In patients with TAO,
diagnosis of the primary open angle glaucoma (POAG) can be
challenging. Even if an elevated IOP is detected in these patients, the
question arises whether the elevated IOP is just a sign of orbitopathy or if
glaucoma or ocular hypertension should be considered[23].
Prevalence of normal-tension glaucoma, POAG or ocular hypertension among
patients with Graves’ disease was reported in range from 0.8% to 13.5%[4,24]. Goldmann applanation tonometry
(GAT) was designed to assess IOP, unaffected by the ocular rigidity[25]. GAT is currently the preferred
method of IOP measurement, also in patients with glaucoma[24].
However, numerous studies demonstrated that applanated intraocular pressure
(IOPg) is not equal to the real intraocular pressure[4,26-27]. Recent studies
proved that GAT-IOP is strongly dependent on central corneal thickness (CCT),
which suggests that CCT should be the basis for IOP correction algorithm[7-8].
Nevertheless, weak correlation of CCT and IOPg limits the efficacy of GAT[11]. Therefore, Pascal dynamic contour
tonometry and ORA tonometry have emerged as techniques of IOP estimation in
early glaucoma detection[12,25]. As
given above, IOPcc describes intraocular pressure more accurately as it is less
influenced by corneal properties. In our study IOPg correlated with IOPcc in
group 1 and 2, however, the difference in results between groups in our series
pointed out necessity of the more detailed analysis regarding influence of CRF
and CH on IOPg and IOPcc in patients with orbitopathy.
Independent
association was previously found between CH and glaucoma damage, and thus CH
could act as an objective parameter for diagnosing the glaucoma progression
risk[28]. CH was significantly lower in
patients diagnosed with glaucoma when compared to glaucoma suspects, ocular
hypertensives and in control group[12,25]. As
previously reported, the lowered CH was a predictive factor of visual field
loss progression in the glaucoma patients, while altered IOPg showed no
relationship with visual field changes[29]. In our
study, CH showed only small negative correlation with IOPg, both in patients
with TAO and in healthy individuals. In turn, we observed significant
correlation between decreasing CH and increasing IOPcc in both groups of
patients. According to above, IOPcc acts as a marker of the early subclinical
stages of glaucoma in patients with TAO.
Correlation
between CH and CRF was previously seen in patients with orbitopathy and in
healthy people[30]. Shah et
al[30] mentioned that CH, CCT and CRF
correlated with one another but the correlation was only moderate. This
suggests that CH and CRF are parameters measuring separate traits of the
corneal rigidity and these variables may be more useful when trying to adjust
IOP measurements in patients with altered ocular rigidity[31].
Similarly, our results revealed the marked positive correlation between CRF and
CH in both groups.
CRF represents an
overall resistance to deformation and is useful for differentiating between
individuals with false-positive results of IOPg and glaucoma[12]. Corneas with elevated CRF values (i.e. greater rigidity) require higher
pressure to achieve applanation, when compared to corneas with lowered CRF. In
our series, CRF was significantly lower in the study group in comparison with
the control group. We found weak correlation between CRF and IOPg in both
groups. According to the above, the lowered CRF of corneas in patients with TAO
can lead to the relatively underestimated values of IOPg and the missdiagnosed
glaucoma[12].
Interestingly, we did not see any correlation between CRF and IOPcc in both
groups (Table 4), which suggests that CRF affected IOPg value but not IOPcc. Our
finding proves that IOPcc is not prone to bias related to the affected
biochemical corneal characteristics in patients with TAO[11,32].

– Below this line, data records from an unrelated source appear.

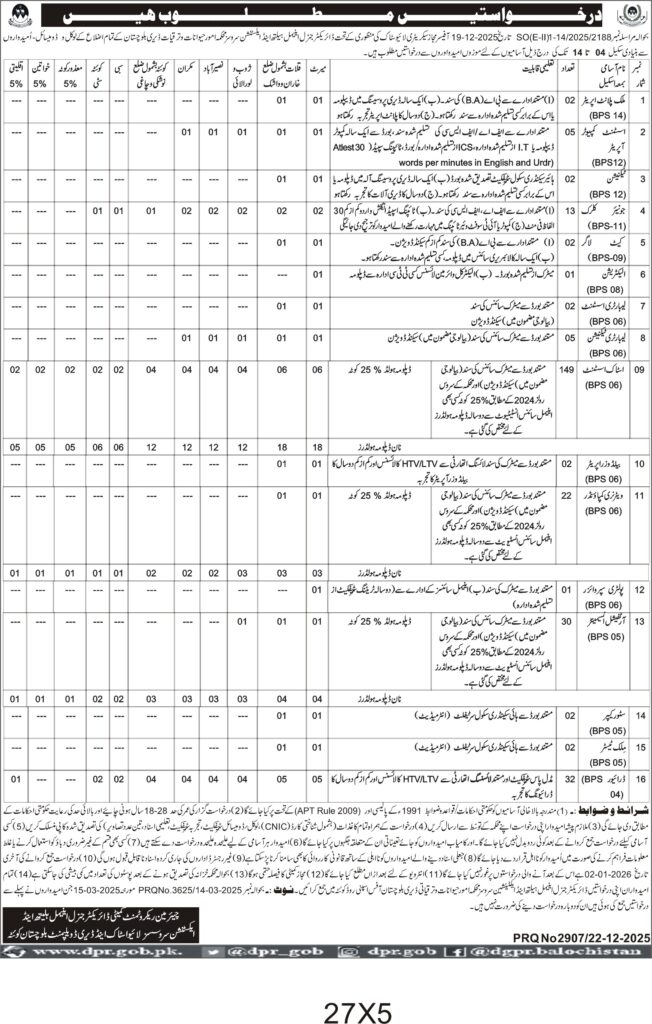 Recruitment of Drivers, Electricians, Cleaners, Sweepers for Balochistan Department of Public Works
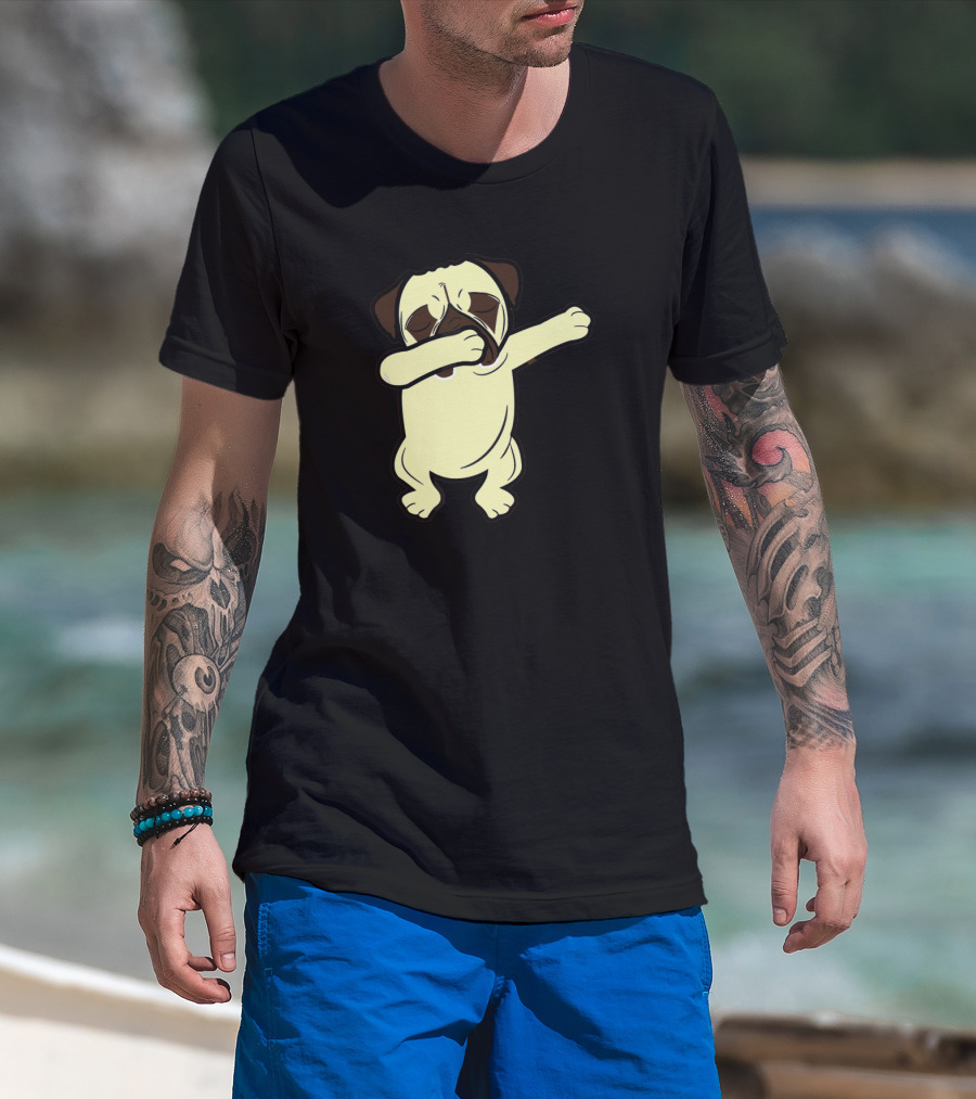 The Dabbing Pug Funny Dab Dog Meme T-shirt is designed for everyday wear and a consistent fit. Fabric is pre-shrunk ring-spun cotton with durable stitching. See the size chart below for exact measurements.
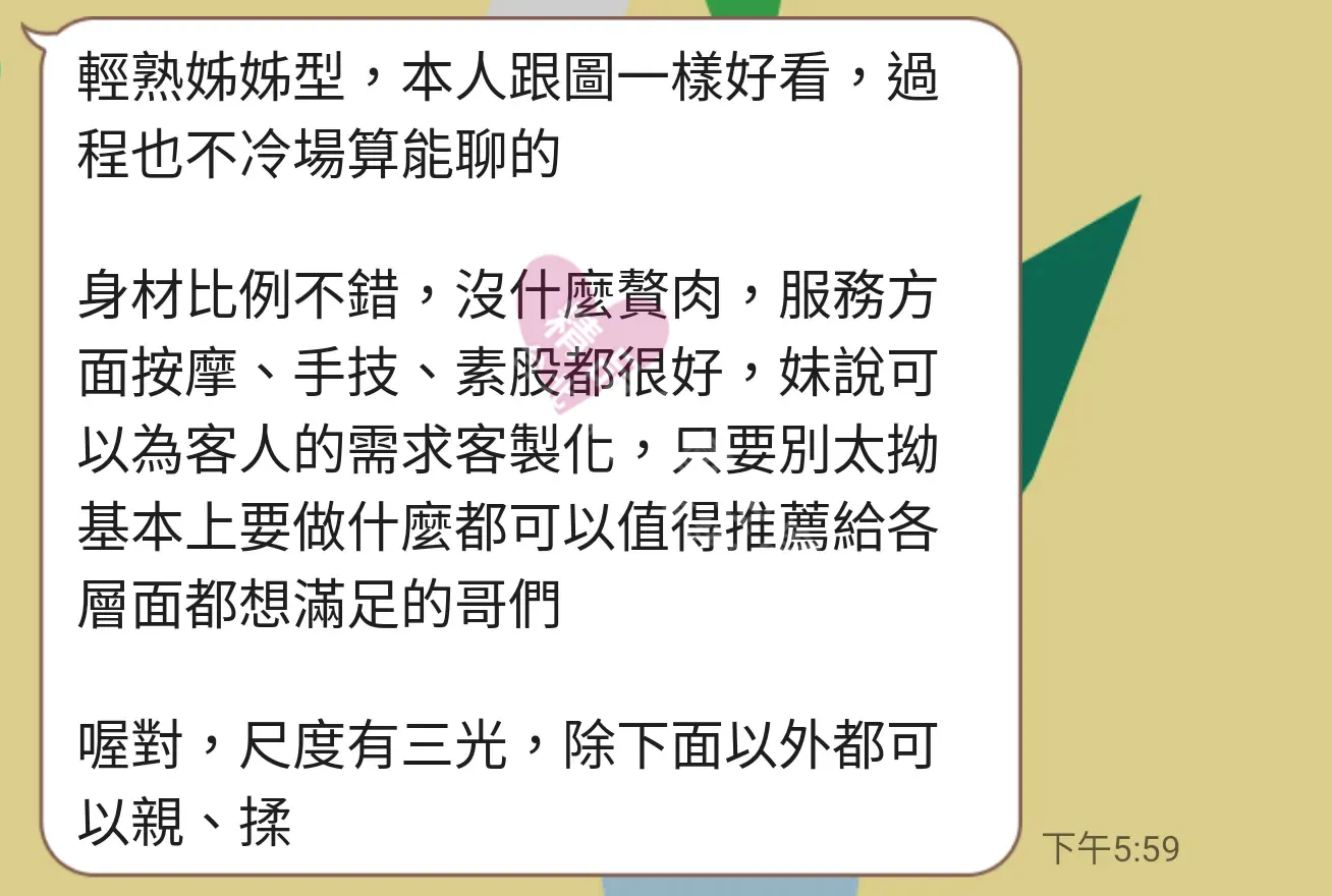 美容師都很有禮貌,先幫你背部按摩聊聊天,前戲會開始調情輕功,再來就是重點部位的加強。如果預算,也可以跟美容師聊聊加值服務,放心問都有機會。精品舒壓期待每位客人每次來舒壓都有個Happy Ending!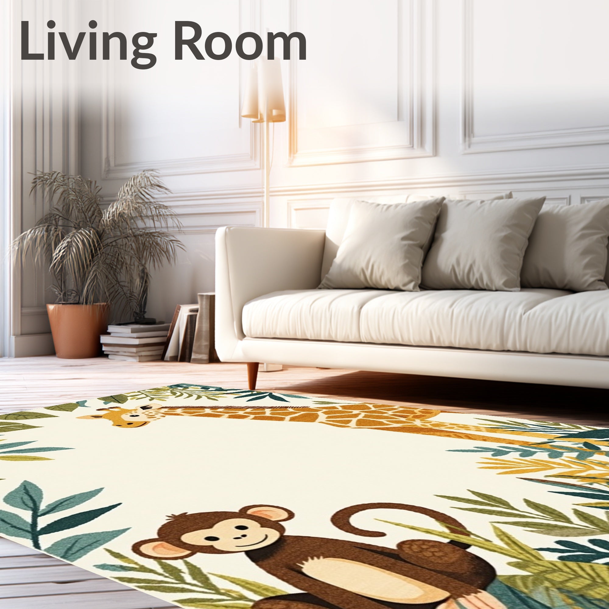 Ultra Soft Area Rug, Non Slip, Stain Resistant, Washable Area Rugs for Living Room, Bedroom, Whimsical Jungle Friends Beige for Kids Playful Spaces(Beige) Overview: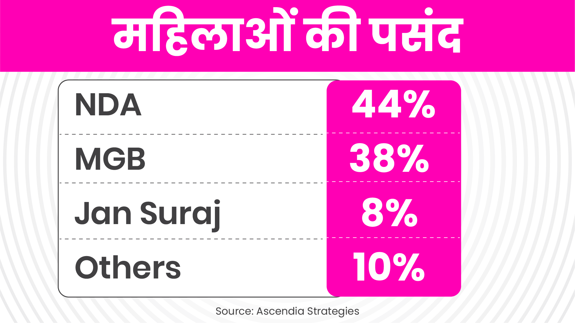 Ascendia के इस सर्वे में महिलाओं की पसंद जानने की कोशिश की गई है. इस सर्वे के मुताबिक सबसे ज्यादा 44 प्रतिशत महिलाएं NDA को वोट देने की बात कह रही है. यानी की एनडीए का कोर वोटर बेस जिसमें महिलाएं भी शामिल है, उन्होंने अभी भी इस सरकार पर अपना भरोसा बनाए रखा है.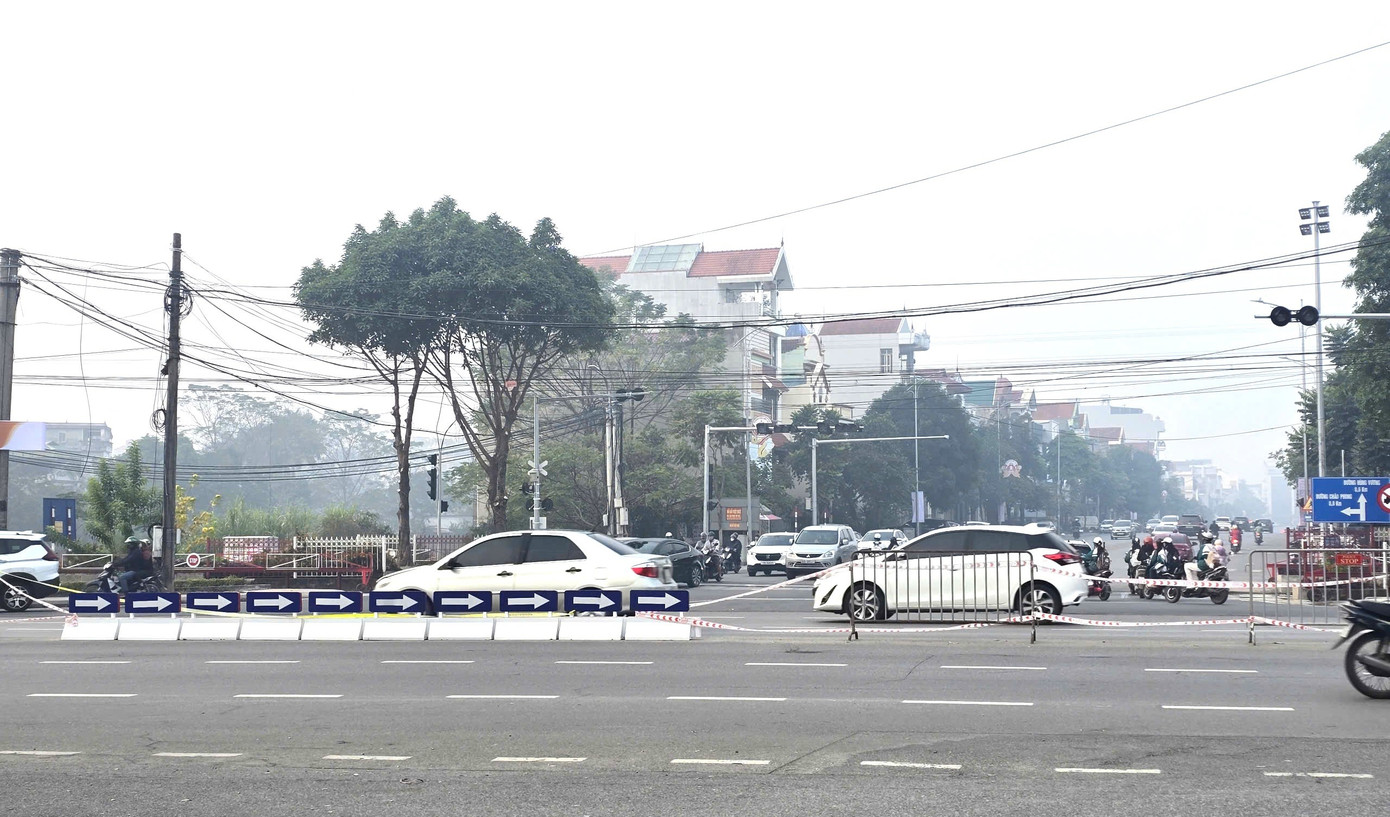 Ngã tư đường Quang Trung - Nguyễn Tất Thành đã được lực lượng chức năng rào chắn, tổ chức lại giao thông.

As a consequence, CRF and IOPcc are more reliable in early glaucoma detection
than IOPg.
In conclusion,
biomechanical parameters of cornea, as quantified by CH and CRF, and measured
together with IOPcc, precisely reveal glaucoma staging in TAO and thus are
reliable for diagnosing and follow-up in clinical practice.
ACKNOWLEDGEMENTS
Conflicts of Interest: Pniakowska Z, None; Kłysik A, None; Goś R, None; Jurowski P, None.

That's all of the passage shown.